> _WHAT TO DO_: Keep the pictures out. Copy every line of the listing exactly.

> _SOURCE MATERIAL_:
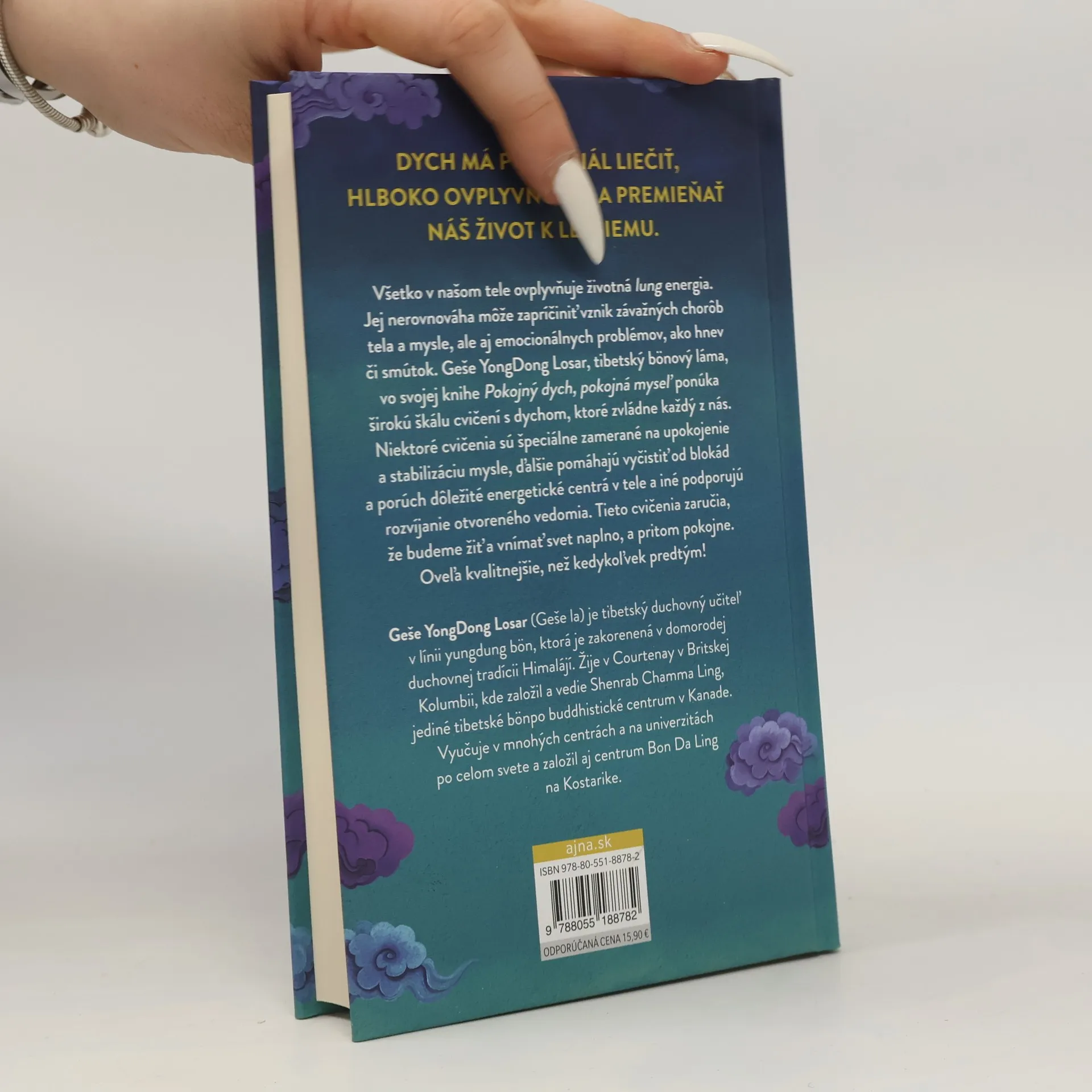 V priebehu tisícročí sa v mnohých východných tradíciách vyvinuli praktiky, ktoré využívajú silnú uzdravujúcu energiu dychu na liečbu fyzických, emocionálnych a duševných problémov. V čínštine sa táto energia nazýva čchi, v sanskrte prána a v tibetčine lung.Lung je životodarná energia, ktorá sa pohybuje naším telom. Nedostatok alebo nerovnováha tejto energie môže spôsobiť choroby tela a mysle alebo emocionálne problémy, ako zmätok, hnev a smútok. Geše YongDong Losar, učenec a mních starobylej tibetskej tradície bön, nám vo svojej knihe ponúka overené praktiky, ktoré nám pomôžu vyrovnať lung energiu. Vďaka bohatým vedomostiam, ktoré získal počas rokov štúdia a praxe, sú tieto praktiky jednoduché a vytvárajú ľahkú cestu k väčšiemu pokoju, sile a jasnosti mysle.
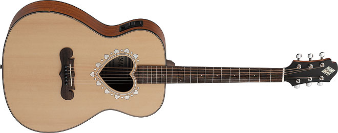 キュートなハート型のサウンドホールでおなじみのゼマイティス・アコースティックに、アンダーサドル・ピックアップ搭載のエレクトリック・アコースティック・モデルが登場。「CAF-80H」が3カラーのラインナップでリリースされた。
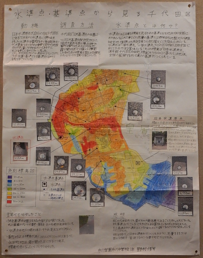 作品タイトル:水準点・基準点から見る千代田区 氏名:野 村 修 司 学校名:市川中学校 学年:1 |

> _TASK RESPONSE_:
 V priebehu tisícročí sa v mnohých východných tradíciách vyvinuli praktiky, ktoré využívajú silnú uzdravujúcu energiu dychu na liečbu fyzických, emocionálnych a duševných problémov. V čínštine sa táto energia nazýva čchi, v sanskrte prána a v tibetčine lung.Lung je životodarná energia, ktorá sa pohybuje naším telom. Nedostatok alebo nerovnováha tejto energie môže spôsobiť choroby tela a mysle alebo emocionálne problémy, ako zmätok, hnev a smútok. Geše YongDong Losar, učenec a mních starobylej tibetskej tradície bön, nám vo svojej knihe ponúka overené praktiky, ktoré nám pomôžu vyrovnať lung energiu. Vďaka bohatým vedomostiam, ktoré získal počas rokov štúdia a praxe, sú tieto praktiky jednoduché a vytvárajú ľahkú cestu k väčšiemu pokoju, sile a jasnosti mysle.
 キュートなハート型のサウンドホールでおなじみのゼマイティス・アコースティックに、アンダーサドル・ピックアップ搭載のエレクトリック・アコースティック・モデルが登場。「CAF-80H」が3カラーのラインナップでリリースされた。
 作品タイトル:水準点・基準点から見る千代田区 氏名:野 村 修 司 学校名:市川中学校 学年:1 |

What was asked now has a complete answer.